BMC Gastroenterol. 2017 Apr 17;17(1):54. doi: 10.1186/s12876-017-0613-x.
Patients with chronic hepatitis C (HCV) infection have high prevalence of vitamin D deficiency. Genome-wide association study data has showed that several genetic variants within vitamin D cascade affect vitamin D function. This study aimed to determine whether genetic polymorphisms of genes in the vitamin D pathway are associated with treatment responses to pegylated interferon (PEG-IFN)-based therapy in patients with chronic HCV infection.
The study included 623 Thai patients from 2 university hospitals diagnosed with chronic HCV infection who were treated with a PEG-IFN and ribavirin. Patients were genotyped for functional variants on vitamin D synthetic pathway including GC (rs4588, rs7041, rs22020, rs2282679), CYP2R1 (rs2060793, rs12794714), CYP27B1 (rs10877012), and DHCR7 (rs12785878). Pre-treatment predictors of sustained virologic response (SVR) at 24 weeks following discontinuation of therapy were identified using a logistic regression analysis.
SVR was achieved by 60.5% of patients (52.9% with HCV genotype 1; 66.7% with HCV non-genotype 1). In 44.6% of HCV genotype 1-infected patients, only the variant rs12785878 in the DHCR7 locus was significantly associated with an SVR. HCV genotype 1 patients who had DHCR7 rs12785878 GT/TT had a higher rate of SVR than those with the GG allele (59.7% vs. 43.4%, P = 0.03), but in HCV non-genotype 1-infected patients, the SVR rate did not differ between the two groups (63.3% and 59.1% for GT/TT and GG allele, P = 0.54).

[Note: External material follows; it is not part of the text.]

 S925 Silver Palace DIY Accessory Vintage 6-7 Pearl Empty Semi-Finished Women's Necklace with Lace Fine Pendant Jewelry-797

By multivariate analysis, liver fibrosis stage 0-1 (OR = 5.00; 95% CI, 2.02-12.37; P < 0.001), and DHCR7 rs12785878 GT/TT allele (OR = 2.69; 95% CI, 1.03-7.05; P = 0.04) were independent pre-treatment predictors of SVR following PEG-IFN-based therapy in HCV genotype 1 patients. Baseline HCV RNA < 400,000 IU/ml (OR = 1.96; 95% CI, 1.13-3.39; P = 0.02) was the only independent predictor of SVR in HCV non-genotype 1 patients. The polymorphisms of GC, CYP2R1 and CYP27B1 were not associated with treatment outcome even in genotype 1 or non-genotype 1 HCV infection.

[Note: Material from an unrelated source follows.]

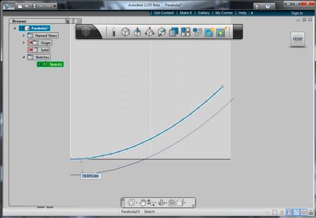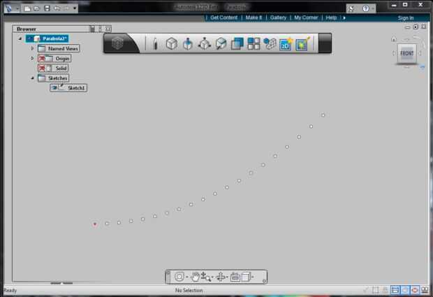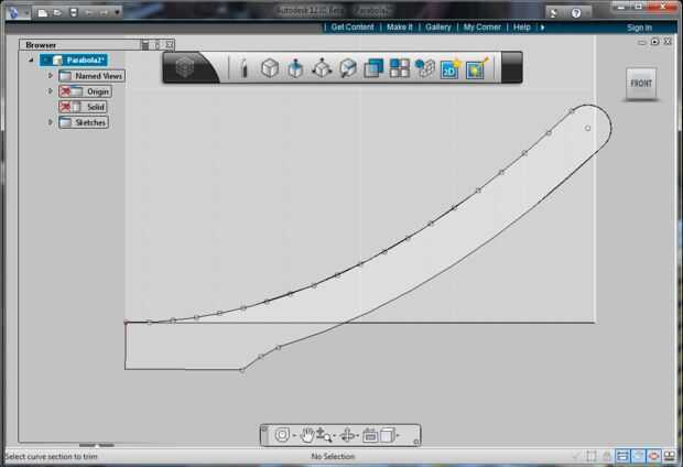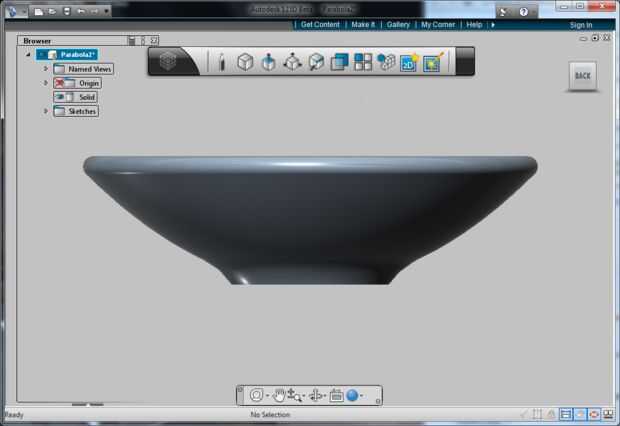 123D, había creado un bosquejo y entró las coordenadas de mis puntos a la vez. Entonces había conectado con una tira. Esta es la curva que define la superficie interior del plato. Agregar algunas líneas más para completar la sección transversal del plato, luego giraba en 360 grados sobre la línea central.

The DHCR7 polymorphism may be a pre-treatment predictive marker for response to PEG-IFN-based therapy in chronic HCV genotype 1 infection.

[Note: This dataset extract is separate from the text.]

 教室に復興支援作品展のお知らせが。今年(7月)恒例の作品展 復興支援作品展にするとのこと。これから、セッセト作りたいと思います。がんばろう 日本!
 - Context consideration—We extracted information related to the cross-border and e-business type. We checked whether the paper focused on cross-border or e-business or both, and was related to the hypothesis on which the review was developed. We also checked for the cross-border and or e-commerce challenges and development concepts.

慢性丙型肝炎(HCV)感染患者维生素D缺乏的患病率很高。全基因组关联研究数据表明,维生素D级联反应中的几个基因变异会影响维生素D功能。本研究旨在确定维生素D途径中基因的遗传多态性是否与慢性HCV感染患者基于聚乙二醇干扰素(PEG-IFN)治疗的反应相关。
该研究纳入了来自2所大学医院的623例被诊断为慢性HCV感染且接受PEG-IFN和利巴韦林治疗的泰国患者。对患者进行维生素D合成途径功能变异的基因分型,包括GC(rs4588、rs7041、rs22020、rs2282679)、CYP2R1(rs2060793、rs12794714)、CYP27B1(rs10877012)和DHCR7(rs12785878)。使用逻辑回归分析确定治疗停药后24周持续病毒学应答(SVR)的治疗前预测指标。
60.5%的患者实现了SVR(HCV基因1型患者为52.9%;非HCV基因1型患者为66.7%)。在44.6%的HCV基因1型感染患者中,仅DHCR7基因座中的rs12785878变异与SVR显著相关。携带DHCR7 rs12785878 GT/TT的HCV基因1型患者的SVR率高于携带GG等位基因的患者(59.7%对43.4%,P = 0.03),但在非HCV基因1型感染患者中,两组的SVR率无差异(GT/TT和GG等位基因分别为63.3%和59.1%,P = 0.54)。通过多变量分析,肝纤维化0 - 1期(OR = 5.00;95%CI,2.02 - 12.37;P < 0.001)和DHCR7 rs12785878 GT/TT等位基因(OR = 2.69;95%CI,1.03 - 7.05;P = 0.04)是HCV基因1型患者基于PEG-IFN治疗后SVR的独立治疗前预测指标。基线HCV RNA < 400,000 IU/ml(OR = 1.96;95%CI,1.13 - 3.39;P = 0.02)是非HCV基因1型患者SVR的唯一独立预测指标。即使在基因1型或非基因1型HCV感染中,GC、CYP2R1和CYP27B1的多态性也与治疗结果无关。
DHCR7多态性可能是慢性HCV基因1型感染中基于PEG-IFN治疗反应的治疗前预测标志物。